I’ve been reading Common Errors in Statistics (and How to Avoid Them) by Phillip Good and James Hardin. It’s a good bathroom/bedtime book. You can pick it up and put it down as you please. Each chapter is self-contained and contains bite-size, easy-to-read sections. I’m really happy with it so far.
Anyway, chapter 3 had a section on computing Power and sample size that inspired me to hop on the computer:
If the data do not come from one of the preceding distributions, then we might use a bootstrap to estimate the power and significance level.
In preliminary trials of a new device, the following test results were observed: 7.0 in 11 out of 12 cases and 3.3 in 1 out of 12 cases. Industry guidelines specified that any population with a mean test result greater than 5 would be acceptable. A worst-case or boundary-value scenario would include one in which the test result was 7.0 3/7th of the time, 3.3 3/7th of the time, and 4.1 1/7th of the time. i.e., \((7 \times \frac{3}{7}) + (3.3 \times \frac{3}{7}) + (4.1 \times \frac{1}{7}) = 5\)
The statistical procedure required us to reject if the sample mean of the test results were less than 6. To determine the probability of this event for various sample sizes, we took repeated samples with replacement from the two sets of test results.
…
If you want to try your hand at duplicating these results, simply take the test values in the proportions observed, stick them in a hat, draw out bootstrap samples with replacement several hundred times, compute the sample means, and record the results.

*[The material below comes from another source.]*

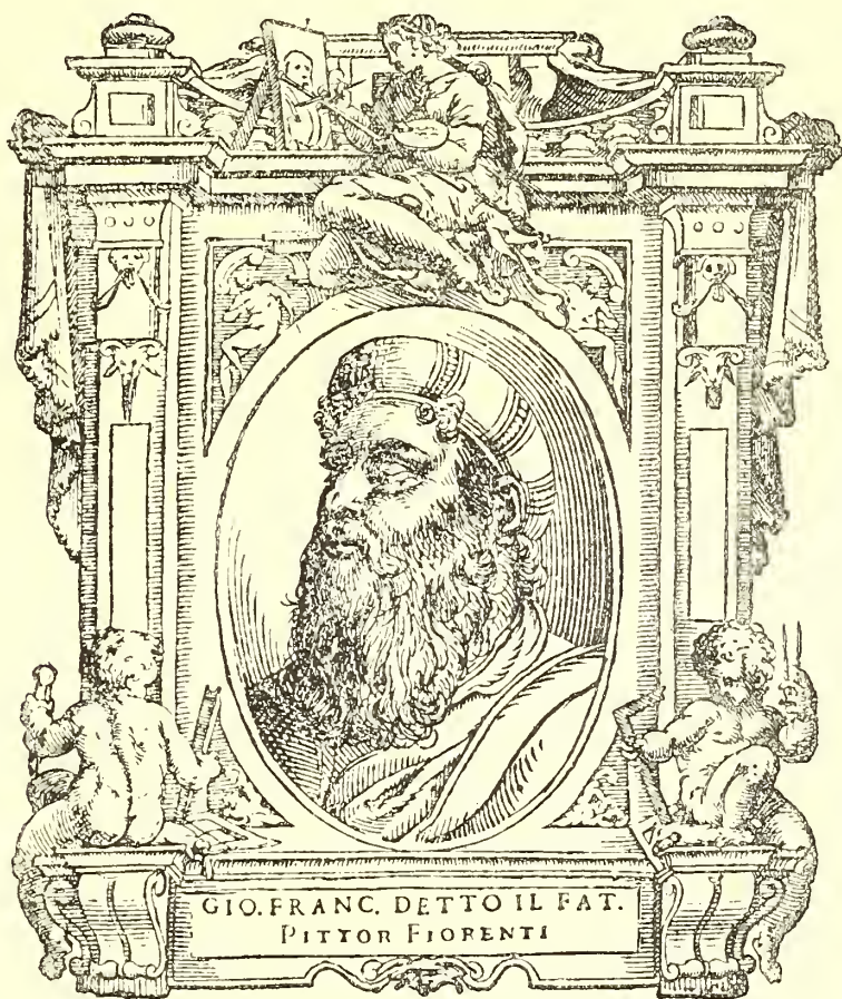
PORTRAIT DE G. FR. PENNI.

n'ai pas votre réponse, quand j'irai trouver le cardinal, il me coupera toujours la parole en me disant qu'il vous écrira et qu'il veut avoir votre avis. Je vous en prie donc, par pitié finissez-en vite, car, tant que je ne serai pas débarrassé de cette affaire, je ne pourrai rien faire de bon; je suis au désespoir, je ne vous dirai pas autre chose. Jésus-

Well of course I want to try my hand at duplicating the results. Who wouldn’t?
The idea here is to bootstrap from two samples: (1) the one they drew in the preliminary trial with mean = 6.69, and (2) the hypothetical worst-case boundary example with mean = 5. We bootstrap from each and calculate the proportion of samples with mean less than 6. The proportion of results with mean less than 6 from the first population (where true mean = 6.69) can serve as a proxy for Type I error or the significance level. This is proportion of times we make the wrong decision. We conclude the mean is less than 6 when in fact it’s really 6.69. The proportion of results with mean less than 6 from the second population (where true mean = 5) can serve as a proxy for Power. This is proportion of times we make the correct decision. We conclude the mean is less than 6 when in fact it’s really 5.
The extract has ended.